On the walk to the tram to the train, we stopped at the grocery store, bakery, Hundertwasser Haus and a design store. Needless to say, we missed our intended 10:20 train to Bratislava. Since it’s hourly, we decided to go to the Heeresgeschichtliches (Military) Museum to wait for the next train. The Austro-Hungarian empire had a long military history and the museum has been there since 1856, so we spent more than an hour there. We saw lots of armor from the 1500’s onwards. Also on display were guns, swords, spears, other brutal weapons, uniforms and battle field flags throughout history.
When I took American History in the 9th grade, I learned that the assassination of Archduke Ferdinand in Sarajevo started World War I. Back then, I didn’t know much about the Hapsburgs, so I was rather confused. After spending some time in Vienna, I have a bit more context. The museum had the car Franz Ferdinand was riding in when he was assassinated along with his military uniform that day. I have to admit that the slashes and blood stains were a bit gruesome for me.

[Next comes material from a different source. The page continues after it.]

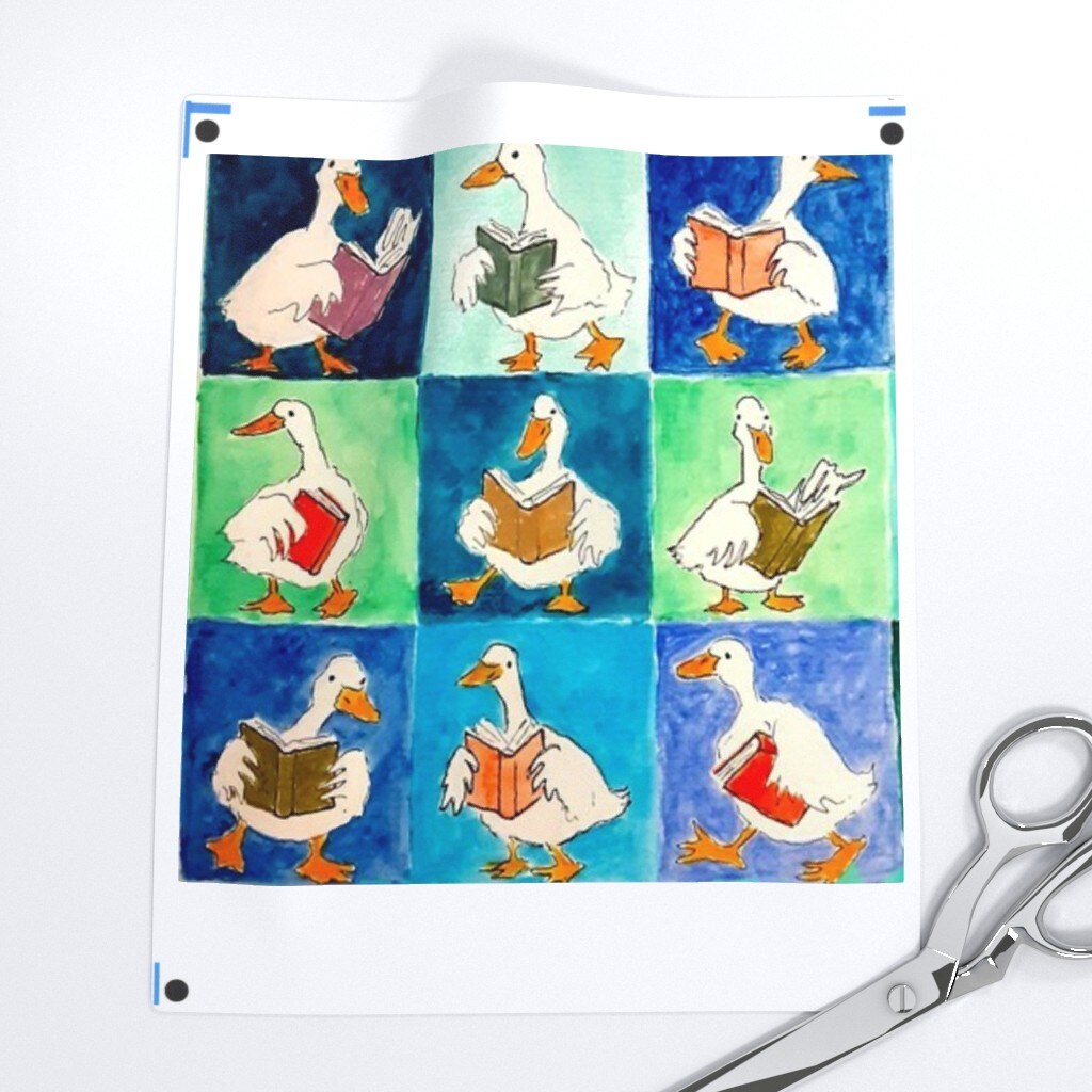 Blue Birds Animals Whimsical Books Ducks Watercolor Book Covers Reading Group Duck Readers Library Lover Large Scale Custom Removable Wallpaper by Spoonflower Peel & Stick Wallpaper 2FT Wide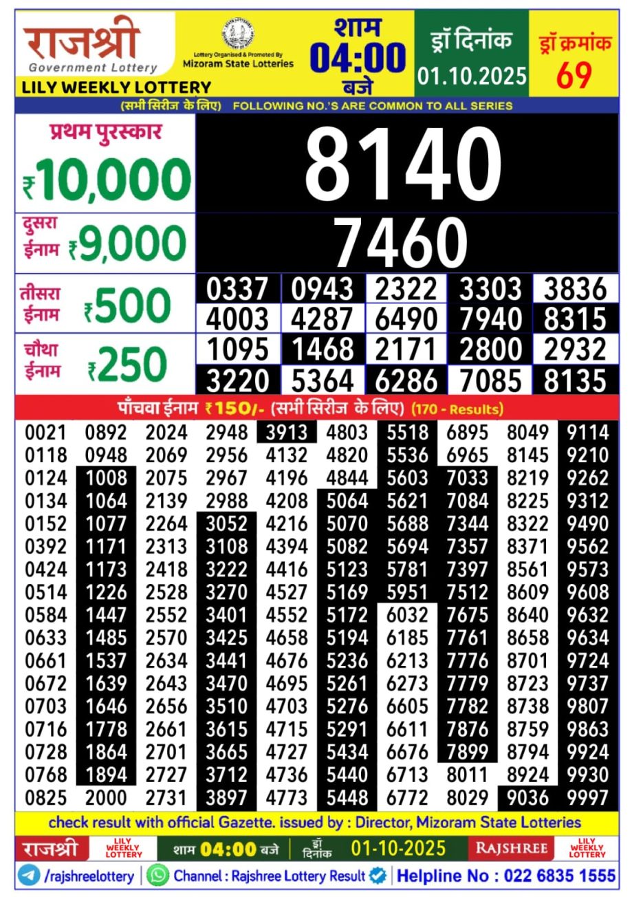 Rajshree Lily Weekly Lottery 4 PM Result 01.10.2025

While the English bits were sparse, there was a hall dedicated to World Wars I and II. It was interesting to read a different perspective of the wars and why they were fought.
We finally got on the train to Brastislava, which was about an hour away. We walked around the castle grounds and then searched around for the Museum of Clocks. It’s housed in the reputedly skinniest house in Central Europe, so it’s a bit hard to find. Afterwards, we walked around the Old Town, found a cute cake shop, and then headed back to Vienna.